[Recorded data]
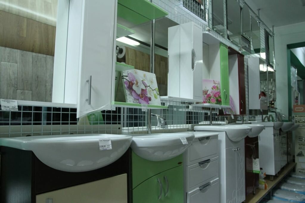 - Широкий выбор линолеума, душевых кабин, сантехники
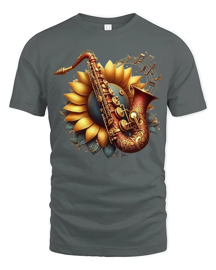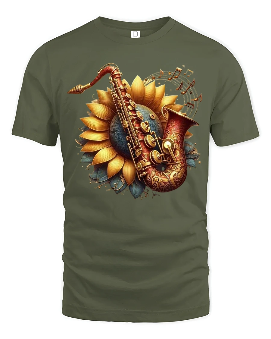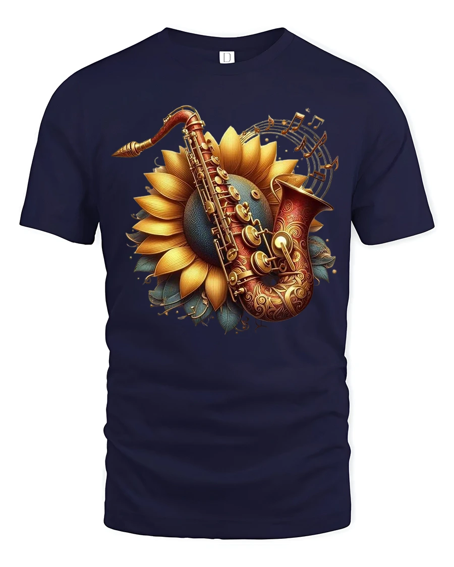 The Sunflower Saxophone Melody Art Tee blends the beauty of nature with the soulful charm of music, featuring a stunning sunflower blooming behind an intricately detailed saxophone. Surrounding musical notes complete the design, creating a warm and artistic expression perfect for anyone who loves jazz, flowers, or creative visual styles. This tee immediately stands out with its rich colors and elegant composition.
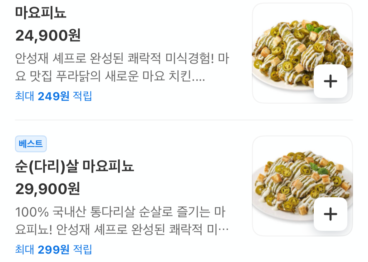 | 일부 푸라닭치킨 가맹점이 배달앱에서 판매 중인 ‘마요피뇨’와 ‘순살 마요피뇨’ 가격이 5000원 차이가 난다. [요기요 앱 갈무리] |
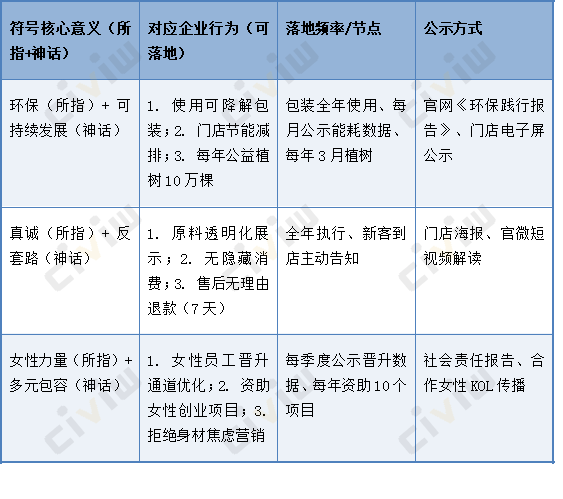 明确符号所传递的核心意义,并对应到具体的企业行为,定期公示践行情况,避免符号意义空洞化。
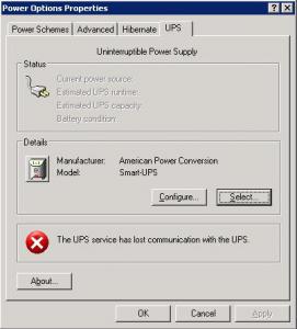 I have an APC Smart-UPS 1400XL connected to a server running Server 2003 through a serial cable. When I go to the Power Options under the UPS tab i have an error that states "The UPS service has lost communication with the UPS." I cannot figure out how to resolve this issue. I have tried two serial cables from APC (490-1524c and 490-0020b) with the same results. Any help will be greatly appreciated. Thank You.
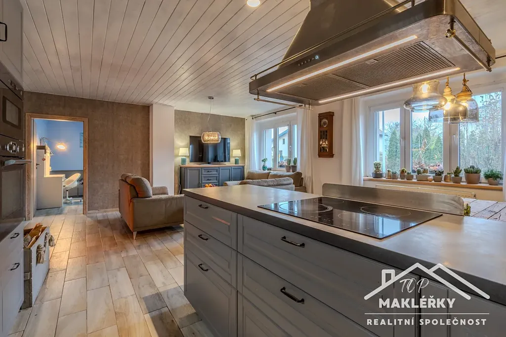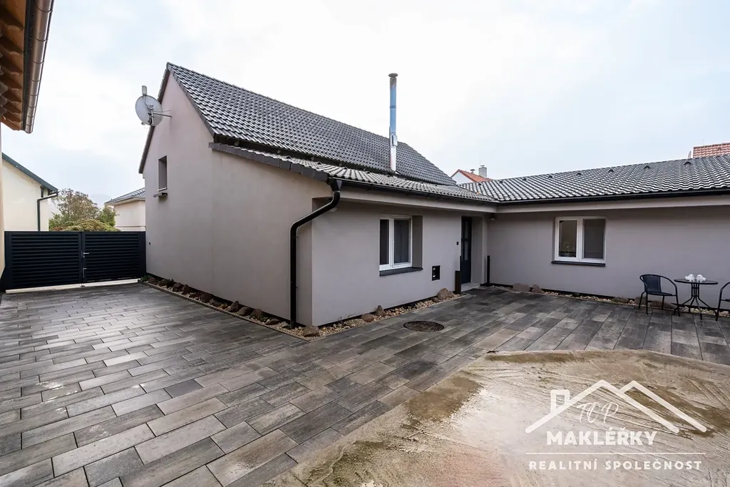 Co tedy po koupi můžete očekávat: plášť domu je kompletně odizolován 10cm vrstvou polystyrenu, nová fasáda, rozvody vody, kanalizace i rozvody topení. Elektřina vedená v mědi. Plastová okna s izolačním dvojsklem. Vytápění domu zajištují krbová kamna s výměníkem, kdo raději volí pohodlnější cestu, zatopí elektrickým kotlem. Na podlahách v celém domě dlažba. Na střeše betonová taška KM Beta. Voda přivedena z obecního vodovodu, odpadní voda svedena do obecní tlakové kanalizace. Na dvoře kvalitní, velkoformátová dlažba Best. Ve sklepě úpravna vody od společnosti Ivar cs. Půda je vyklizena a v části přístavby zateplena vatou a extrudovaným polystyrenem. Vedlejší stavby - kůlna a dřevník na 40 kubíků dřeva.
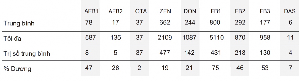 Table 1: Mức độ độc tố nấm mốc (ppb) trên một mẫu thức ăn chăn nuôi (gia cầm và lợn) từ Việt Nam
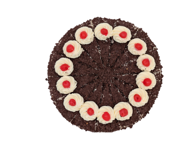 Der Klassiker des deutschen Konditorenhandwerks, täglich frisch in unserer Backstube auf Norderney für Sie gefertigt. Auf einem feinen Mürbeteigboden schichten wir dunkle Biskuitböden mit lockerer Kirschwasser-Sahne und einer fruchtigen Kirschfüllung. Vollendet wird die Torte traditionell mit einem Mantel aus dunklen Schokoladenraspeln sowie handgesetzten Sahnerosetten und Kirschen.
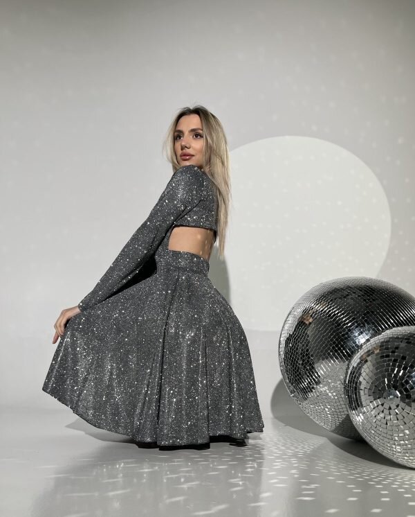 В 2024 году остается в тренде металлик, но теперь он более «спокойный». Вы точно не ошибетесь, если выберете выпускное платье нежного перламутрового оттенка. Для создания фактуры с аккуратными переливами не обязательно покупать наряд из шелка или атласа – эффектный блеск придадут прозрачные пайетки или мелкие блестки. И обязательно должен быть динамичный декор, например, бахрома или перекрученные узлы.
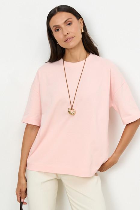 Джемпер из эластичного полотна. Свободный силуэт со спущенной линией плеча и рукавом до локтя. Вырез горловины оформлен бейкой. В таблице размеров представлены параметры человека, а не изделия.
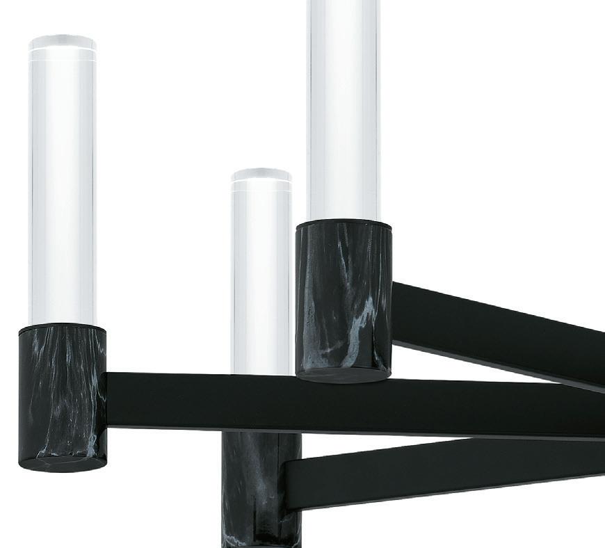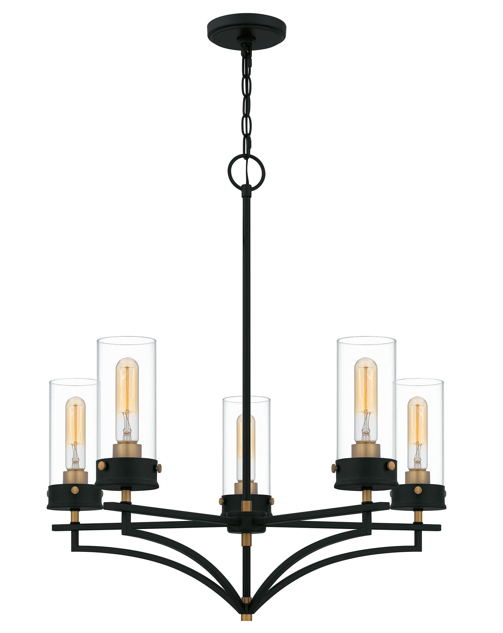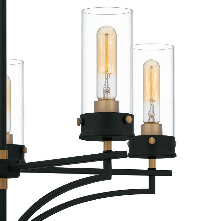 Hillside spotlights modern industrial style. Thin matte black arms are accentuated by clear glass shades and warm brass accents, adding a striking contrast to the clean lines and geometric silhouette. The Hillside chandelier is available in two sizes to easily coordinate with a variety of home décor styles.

→ Instructions for the task:
How would the lines above read from the one with "[요기요 앱 갈무리] |" to the one with "明确符号所传递的核心意义,并", inclusive, with no pictures? Write them out exactly.

→ Finished exercise:
 | 일부 푸라닭치킨 가맹점이 배달앱에서 판매 중인 ‘마요피뇨’와 ‘순살 마요피뇨’ 가격이 5000원 차이가 난다. [요기요 앱 갈무리] |
 明确符号所传递的核心意义,并对应到具体的企业行为,定期公示践行情况,避免符号意义空洞化。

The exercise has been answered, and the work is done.